Input data Start Marker

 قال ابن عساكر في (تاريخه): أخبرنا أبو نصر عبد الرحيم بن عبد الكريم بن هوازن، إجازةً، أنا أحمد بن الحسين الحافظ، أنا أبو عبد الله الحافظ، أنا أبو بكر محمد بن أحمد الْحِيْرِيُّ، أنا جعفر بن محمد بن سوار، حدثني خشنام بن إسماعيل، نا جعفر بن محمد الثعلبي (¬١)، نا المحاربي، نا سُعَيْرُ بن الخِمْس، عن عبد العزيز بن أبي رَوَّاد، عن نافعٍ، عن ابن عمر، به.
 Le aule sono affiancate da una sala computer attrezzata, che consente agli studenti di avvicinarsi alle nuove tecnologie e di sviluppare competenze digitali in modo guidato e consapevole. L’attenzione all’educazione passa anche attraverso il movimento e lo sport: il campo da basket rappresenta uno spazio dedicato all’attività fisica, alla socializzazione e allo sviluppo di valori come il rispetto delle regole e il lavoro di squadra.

Input data End Marker
Input data Start Marker

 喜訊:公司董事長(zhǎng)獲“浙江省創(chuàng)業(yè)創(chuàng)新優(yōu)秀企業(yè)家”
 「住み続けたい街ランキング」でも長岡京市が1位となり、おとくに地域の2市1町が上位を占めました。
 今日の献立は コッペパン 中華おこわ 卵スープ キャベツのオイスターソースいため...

Input data End Marker
Input data Start Marker

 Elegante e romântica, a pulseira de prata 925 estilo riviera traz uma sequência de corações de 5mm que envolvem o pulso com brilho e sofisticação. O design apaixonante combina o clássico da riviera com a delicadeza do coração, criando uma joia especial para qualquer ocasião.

Input data End Marker

Exercise objective
From the listing above, repeat exactly the lines starting at the line that includes "قال ابن عساكر" and ending at the line that includes "Le aule sono", with nothing outside that span.

Completed task
 قال ابن عساكر في (تاريخه): أخبرنا أبو نصر عبد الرحيم بن عبد الكريم بن هوازن، إجازةً، أنا أحمد بن الحسين الحافظ، أنا أبو عبد الله الحافظ، أنا أبو بكر محمد بن أحمد الْحِيْرِيُّ، أنا جعفر بن محمد بن سوار، حدثني خشنام بن إسماعيل، نا جعفر بن محمد الثعلبي (¬١)، نا المحاربي، نا سُعَيْرُ بن الخِمْس، عن عبد العزيز بن أبي رَوَّاد، عن نافعٍ، عن ابن عمر، به.
 Le aule sono affiancate da una sala computer attrezzata, che consente agli studenti di avvicinarsi alle nuove tecnologie e di sviluppare competenze digitali in modo guidato e consapevole. L’attenzione all’educazione passa anche attraverso il movimento e lo sport: il campo da basket rappresenta uno spazio dedicato all’attività fisica, alla socializzazione e allo sviluppo di valori come il rispetto delle regole e il lavoro di squadra.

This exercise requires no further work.